First Posted: 09/12/09 06:12 AM ET Updated: 05/25/11 02:50 PM ET

Bush Cheney

WASHINGTON Former Vice President Dick Cheney believes his old boss, President George W. Bush, gradually turned away from his advice during their second term in the White House, showing a surprising independence as he started taking more flexible positions on a range of issues, The Washington Post reported Wednesday.

Cheney, often described as the most influential vice president in U.S. history, has been discussing his years in office in informal talks with authors, diplomats, policy experts and past colleagues, the Post said, as he works on a memoir due out in 2011 from Simon & Schuster's Threshold Editions.

Robert Barnett, who negotiated Cheney's book contract, passed word to potential publishers that the memoir would be packed with news, said the article published on the Post Web site, and Cheney himself has said, without explanation, that "the statute of limitations has expired" on many of his secrets.

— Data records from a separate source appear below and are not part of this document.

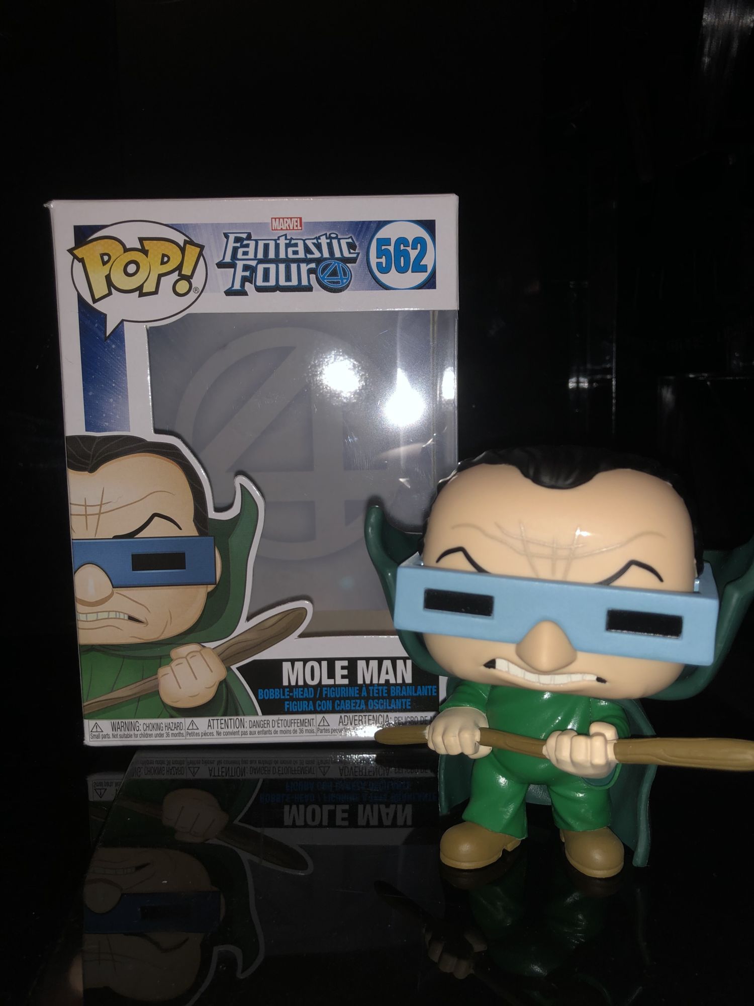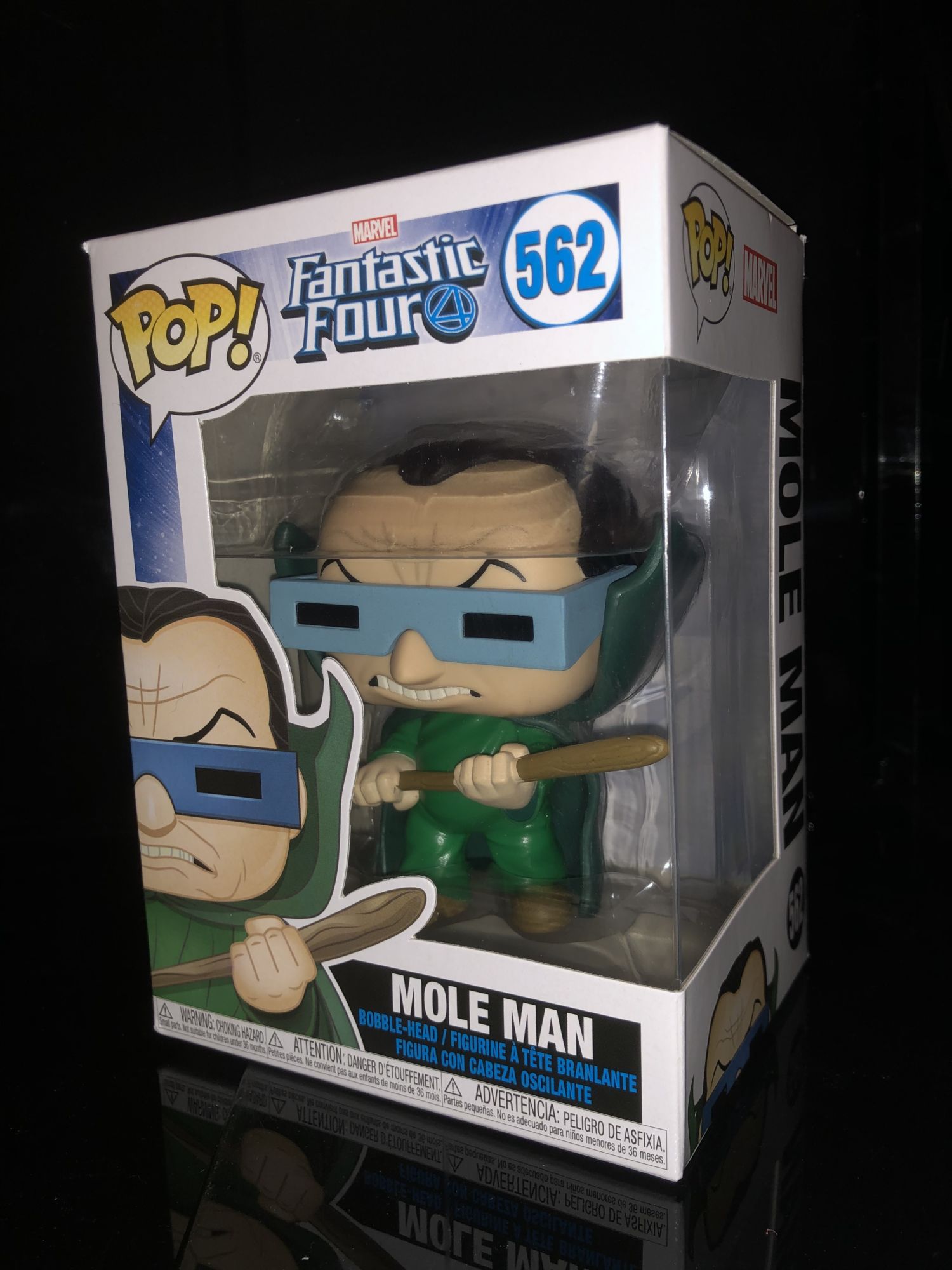 I was kind of hesitant to buy this one but when I opened him up I was glad I made the purchase. This Funko Pop is very nicely detailed and designed. They put a lot of detail on his face from his smirk to the wrinkles on his forehead. The hair is nicely done and his outfit is just right. They gave him a wooden bow staff which he is seen with him in the comics. The color of his skin and the greens of his costume easily compliment each other and it is a nice figure all around. The Mole Man Funko a must-own for any true Fantastic Four fan to add to their Marvel collection.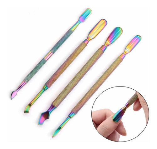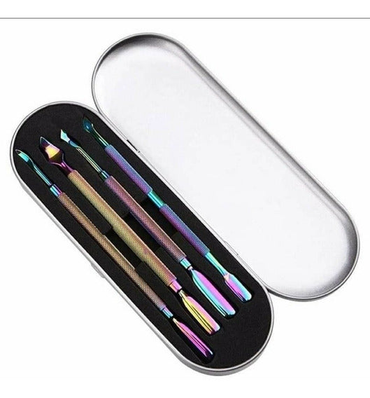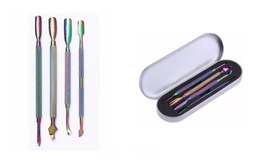 Set 4 Repujadores de Cuticula Arcoiris, Manicure Pedicure Profesional Caja metálica con 4 repujadores profesionales para manicure y pedicure, acero Inoxidable. Descripción: * 1 Caja metálica con 4 repujadores de cutículas, acero inoxidable.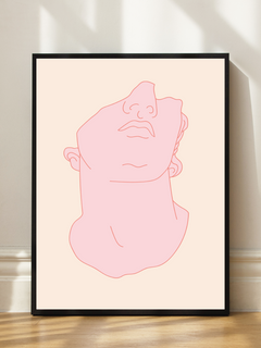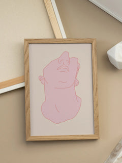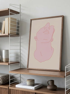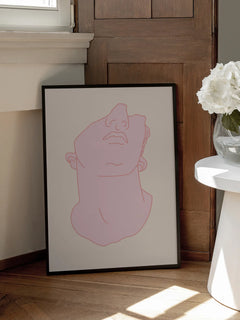 Abstrakte Körperlinien in sanftem Rosa zeigen eine weibliche Silhouette im minimalistischen Line-Art-Stil. Ein ruhiges Kunstwerk für moderne Schlaf- und Wohnräume. Die zarten Konturen schaffen eine entspannte Atmosphäre.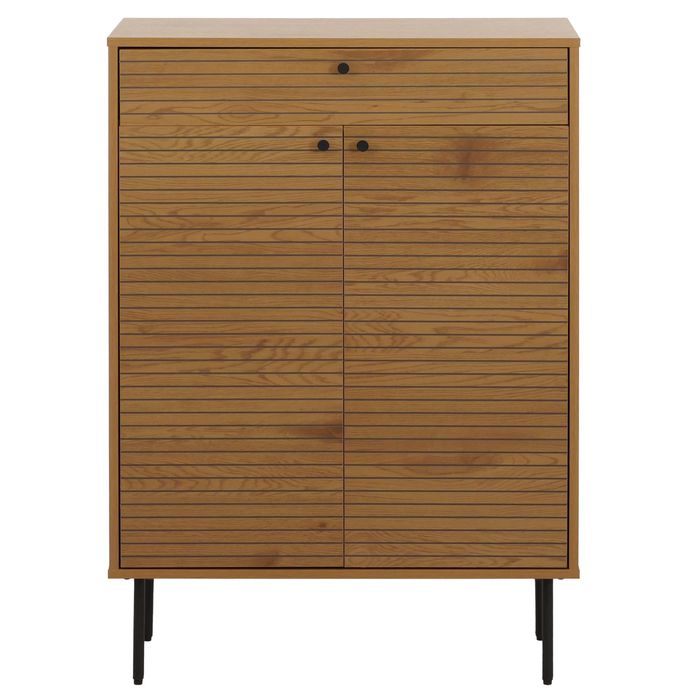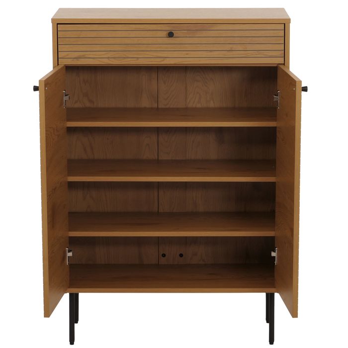 Der Schuhschrank N78 bietet eine stilvolle und praktische Lösung für Ihre Schuhaufbewahrung. Mit grosszügigem Stauraum in vier Ablagefächern und variabel montierbaren Regalböden passt sich der Innenraum flexibel an Ihre Bedürfnisse an. Zusätzlich sorgt eine Schublade für die übersichtliche Unterbringung von Accessoires wie Schlüsseln oder Pflegemitteln. Die Türoberfläche im skandinavischen Stil mit dekorativem Griff verleiht dem Schrank eine zeitlose Eleganz. Dank höhenverstellbarer Fussbodenschoner steht der Schrank auch auf unebenen Böden sicher und schont empfindliche Untergründe.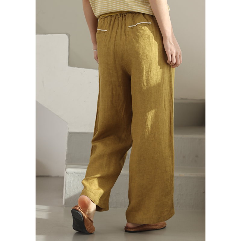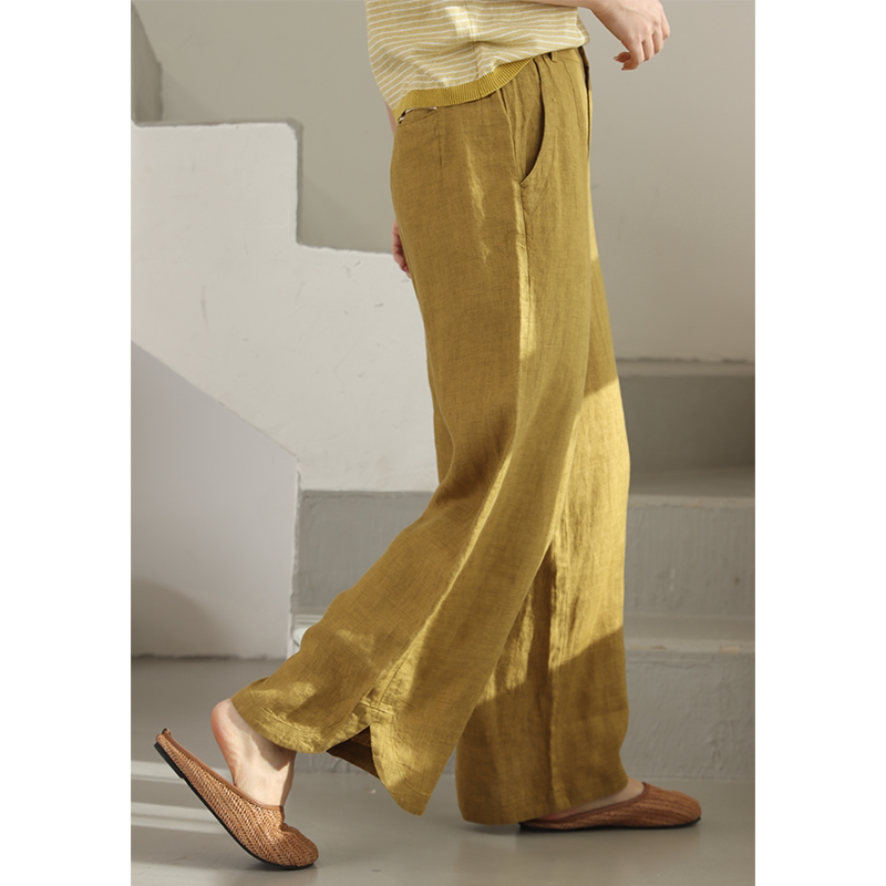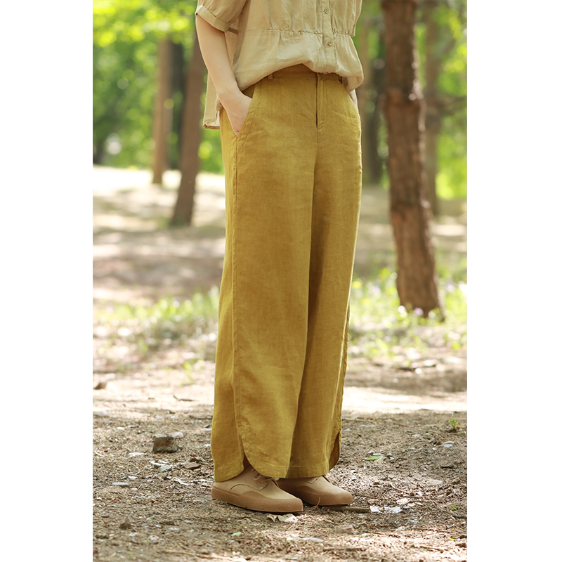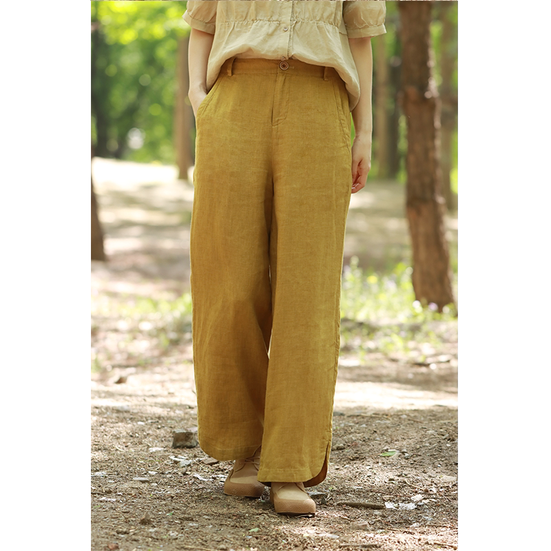 无色无味田园野趣2025新款裤子琥珀黄亚麻休闲显瘦文艺宽松直筒裤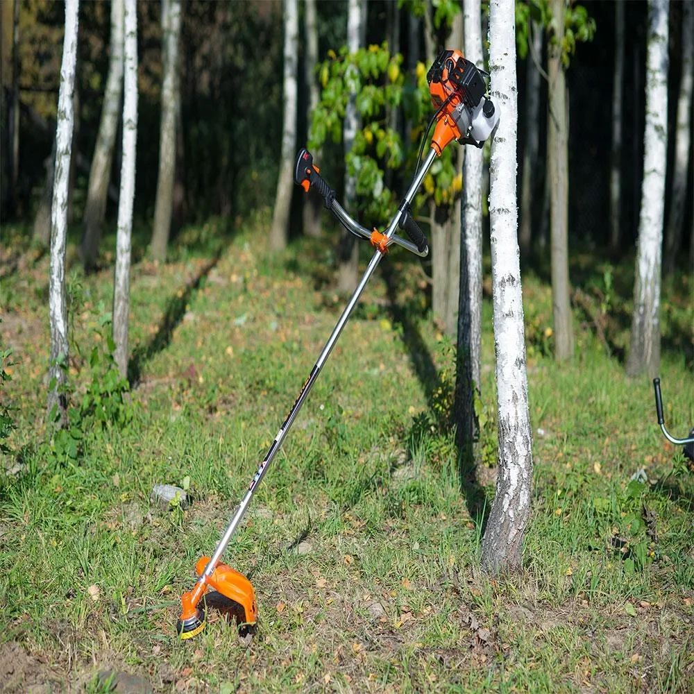 Бензиновый триммер GT с надежным двухтактным двигателем мощностью от 1.1 кВт до 4.5 кВт подойдет для ухода за газоном, скашивания травы, сорняков и кустарников на неровной местности. Триммерная головка травокосилки, рабочий диаметр которой составляет 430 мм, имеет кнопку автоматической подачи лески. Вместо катушки возможна установка ножа диаметром 230 мм для покоса жесткой растительности. Данная модель мотокосы отличается увеличенным моторесурсом, небольшим весом мотора для своей мощности, низким уровнем шума при выполнении работ, что позволяет использовать косу, как на даче, так и в жилой застройке. Максимум комфорта при кошении травы обеспечивают: система легкого старта для запуска двигателя, удобная рукоятка в виде велосипедного руля, широкий ремень рюкзачного типа.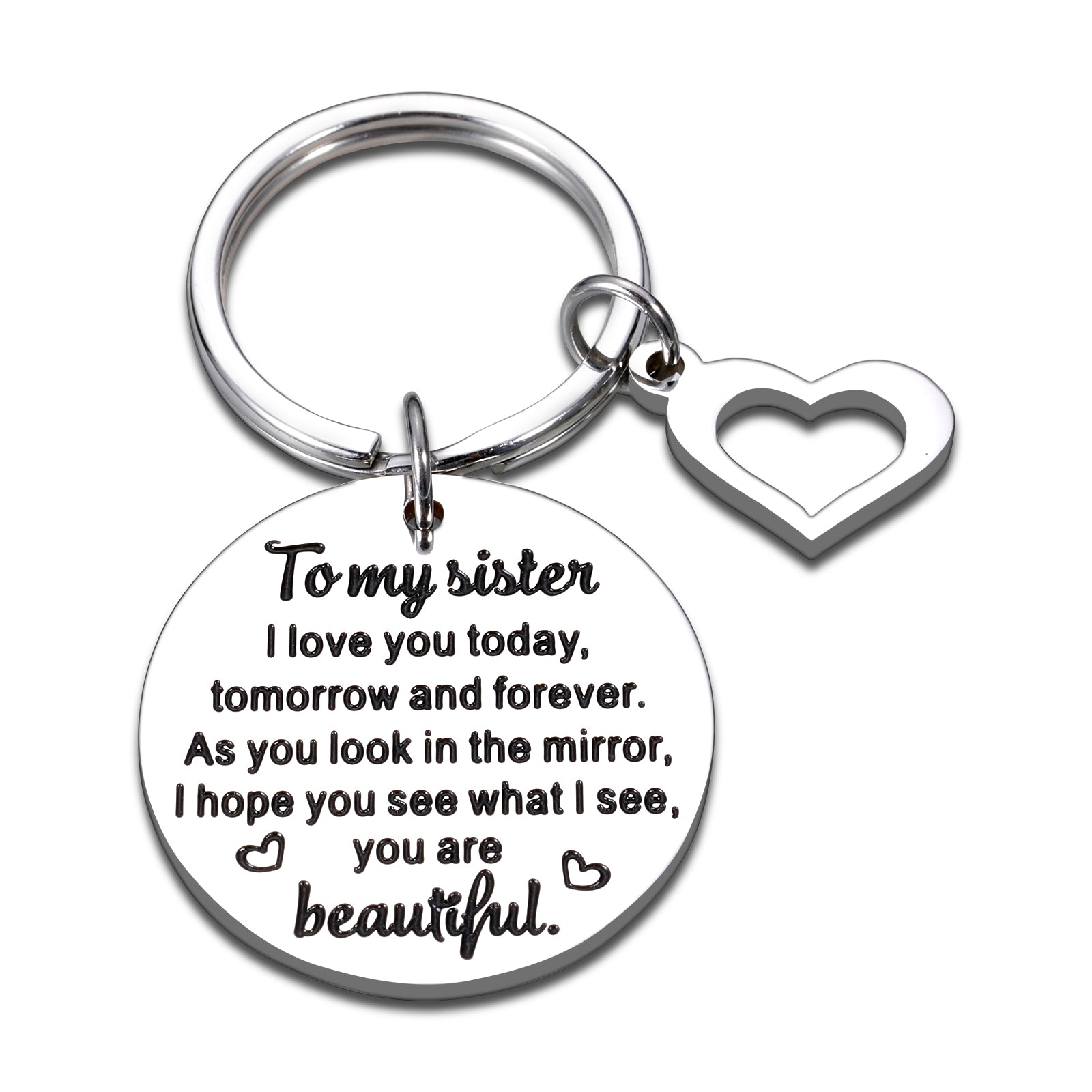 • Sister Gifts from Sister: “To my sister I love you today tomorrow and forever. As you look in the mirror, I hope you see what I see, you are beautiful.” With a lovely heart pendant, this cute gift perfect for sister, long distance sister, unbiological sister, BFF, surprise her and let her know how much you love her. Great gifts for sisters on girls weekend, girls night, national sisters day, christmas, stocking stuffers, sweet 16 18 birthday, coming of age, graduation, long distance friendship.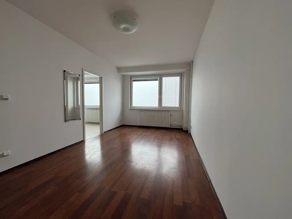 Dispozice bytu nabízí prostorný obytný pokoj, samostatnou kuchyň, koupelnu, toaletu a předsíň s komorou (dostatkem úložného prostoru). Díky umístění v 9. patře je byt příjemně světlý a nabízí hezký výhled do okolí.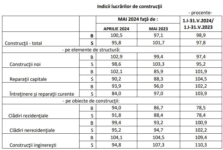In luna mai 2024, raportat la aprilie 2024, volumul lucrarilor de constructii a crescut, ca serie bruta, cu 0,5%, evolutie evidentiata la lucrarile de constructii noi (+2,9%) si la cele de reparatii capitale (+2,1%). Lucrarile de intretinere si reparatii curente au scazut cu 6,1%, potrivit celor mai recente date publicate de Institutul National de Statistica (INS). Pe obiecte de constructii, a avut loc o crestere la lucrarile de constructii ingineresti (+4,1%). Cladirile rezidentiale si cladirile nerezidentiale au scazut cu 6%, respectiv cu 0,6%.In acelasi interval, ca serie ajustata in functie de numarul de zile lucratoare si de sezonalitate, volumul lucrarilor de constructii a scazut cu 4,2%, contractie inregistrata astfel: lucrarile de intretinere si reparatii curente (-16%), lucrarile de reparatii capitale (-9,8%) si la lucrarile de constructii noi (-1,4%). Pe obiecte de constructii, volumul lucrarilor de constructii a scazut la cladirile rezidentiale (-8,2%), constructiile ingineresti (-5,2%) si la cladirile nerezidentiale (-4,8%).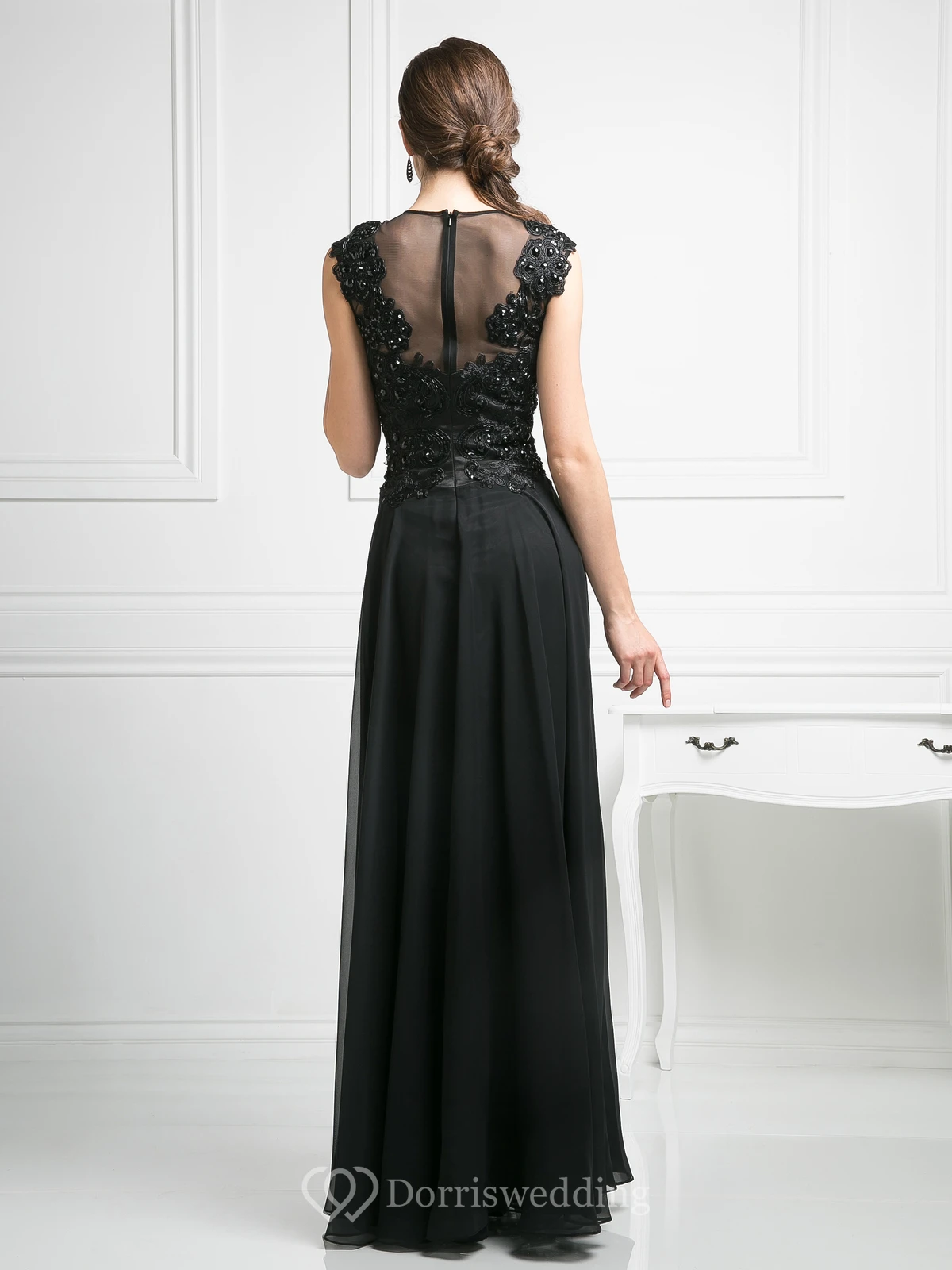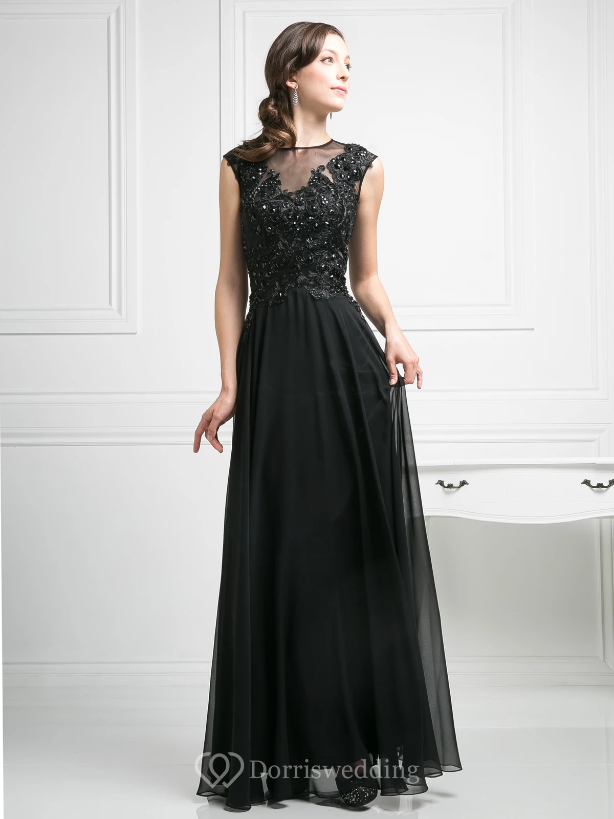 A-Line Scoop-Neck Sleeveless Chiffon Illusion Dress With Appliques

The book will cover Cheney's long career from chief of staff under President Gerald Ford to vice president under Bush.

"When the president made decisions that I didn't agree with, I still supported him and didn't go out and undercut him," Cheney said, according to Stephen Hayes, his authorized biographer. "Now we're talking about after we've left office. I have strong feelings about what happened. ... And I don't have any reason not to forthrightly express those views."

According to the author of the Post piece, Barton Gellman, who earlier wrote a book on Cheney called "Angler," the former vice president believes Bush made concessions to public sentiment, something Cheney views as moral weakness. After years of praising Bush as a man of resolve, Cheney now intimates that the former president turned out to be more like an ordinary politician in the end, Gellman says.

"In the second term, he felt Bush was moving away from him," Gellman quoted a participant in the recent gathering, describing Cheney's reply. "He said Bush was shackled by the public reaction and the criticism he took. Bush was more malleable to that. The implication was that Bush had gone soft on him, or rather Bush had hardened against Cheney's advice. He'd showed an independence that Cheney didn't see coming."

The Post quoted John P. Hannah, Cheney's second-term national security adviser, as saying Cheney remains driven, now as before, by the possibility of terrorists obtaining nuclear weapons from a nation hostile to the U.S.

What is new, Hannah said, is Cheney's readiness to acknowledge "doubts about the main channels of American policy during the last few years," a period encompassing most of Bush's second term.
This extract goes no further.